- YOUR OBJECTIVE: Of the entries below, return only those lines from the line with "迪士尼女童套装春秋款2025新款童装秋季薄款毛衣好看儿童秋装裤子" to the line with "鴨川にかかる橋で、川沿いに咲く桜や、", exactly, both included.

- EXERCISE MATERIALS:
.....

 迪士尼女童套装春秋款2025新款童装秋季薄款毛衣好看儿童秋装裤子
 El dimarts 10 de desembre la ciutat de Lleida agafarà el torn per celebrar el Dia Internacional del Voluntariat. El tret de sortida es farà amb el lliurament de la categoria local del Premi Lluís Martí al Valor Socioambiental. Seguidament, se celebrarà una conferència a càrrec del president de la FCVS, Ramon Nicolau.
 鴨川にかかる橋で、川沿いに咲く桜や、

.....

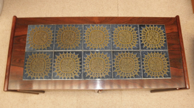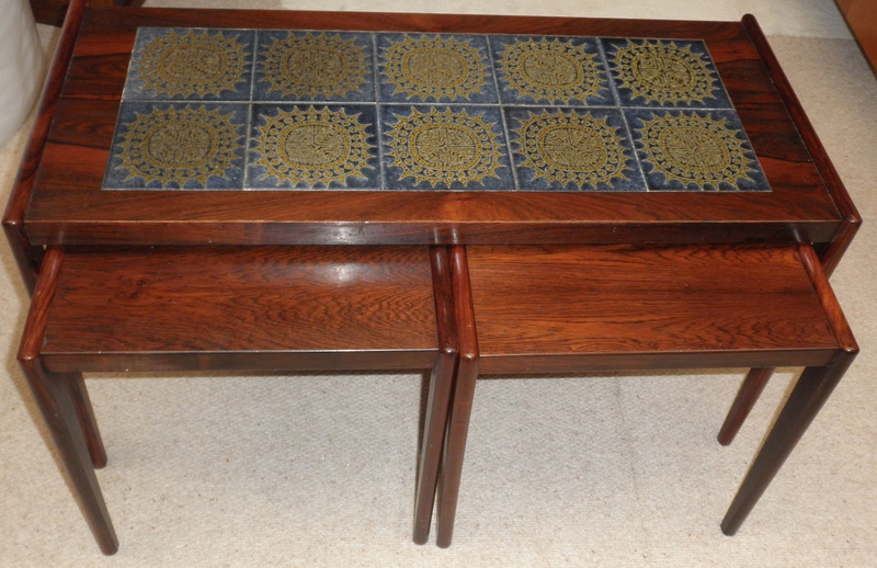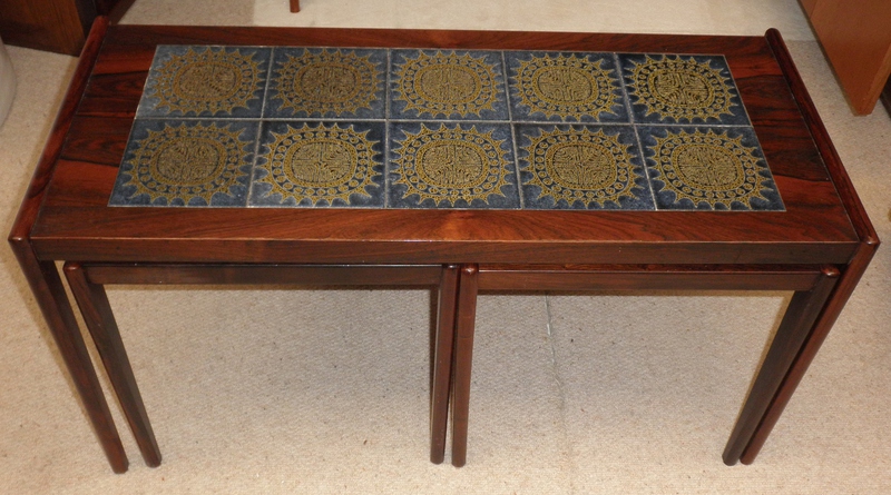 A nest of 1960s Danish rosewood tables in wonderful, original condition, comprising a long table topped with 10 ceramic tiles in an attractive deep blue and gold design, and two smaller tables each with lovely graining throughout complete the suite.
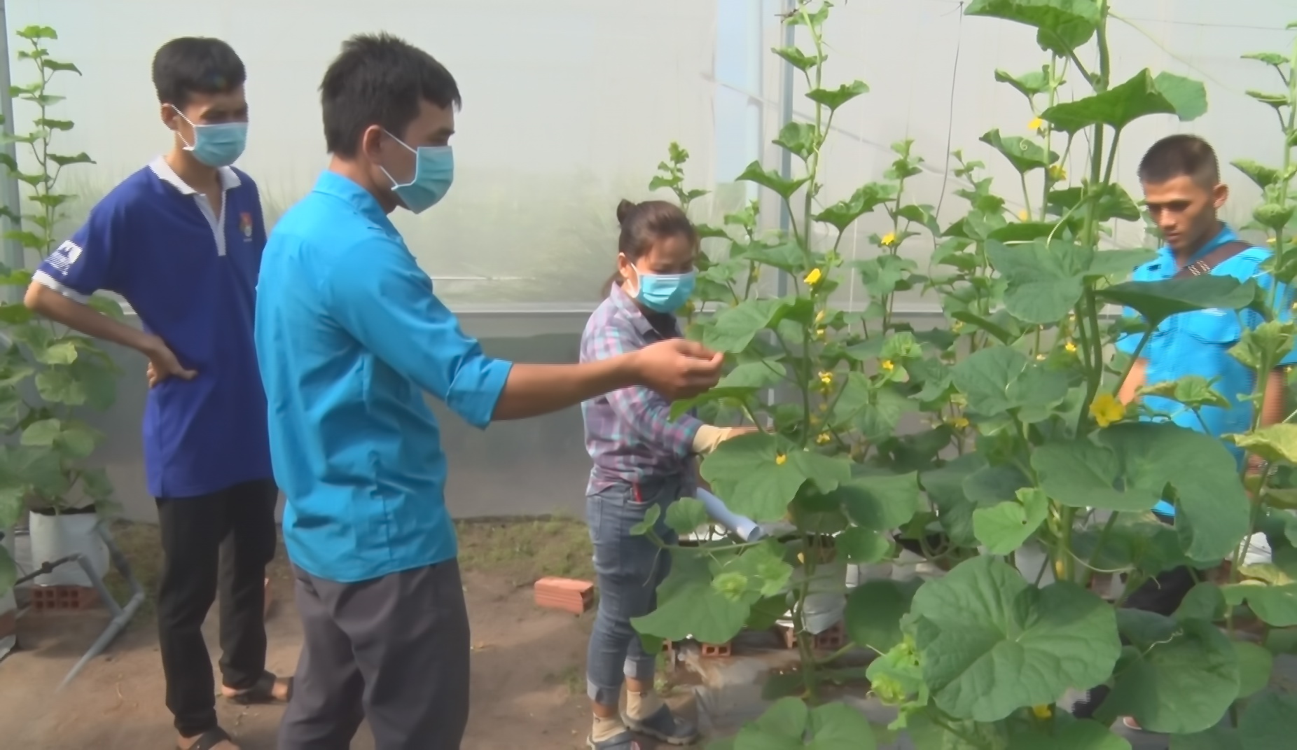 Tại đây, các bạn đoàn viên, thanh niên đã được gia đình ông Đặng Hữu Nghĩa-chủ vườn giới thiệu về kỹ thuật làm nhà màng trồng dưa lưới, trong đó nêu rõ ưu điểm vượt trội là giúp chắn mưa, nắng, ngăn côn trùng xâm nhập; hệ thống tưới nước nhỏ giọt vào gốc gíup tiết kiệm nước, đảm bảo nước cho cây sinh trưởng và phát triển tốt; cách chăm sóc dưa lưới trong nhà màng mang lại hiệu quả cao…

.....

- WRITTEN ANSWER:
 迪士尼女童套装春秋款2025新款童装秋季薄款毛衣好看儿童秋装裤子
 El dimarts 10 de desembre la ciutat de Lleida agafarà el torn per celebrar el Dia Internacional del Voluntariat. El tret de sortida es farà amb el lliurament de la categoria local del Premi Lluís Martí al Valor Socioambiental. Seguidament, se celebrarà una conferència a càrrec del president de la FCVS, Ramon Nicolau.
 鴨川にかかる橋で、川沿いに咲く桜や、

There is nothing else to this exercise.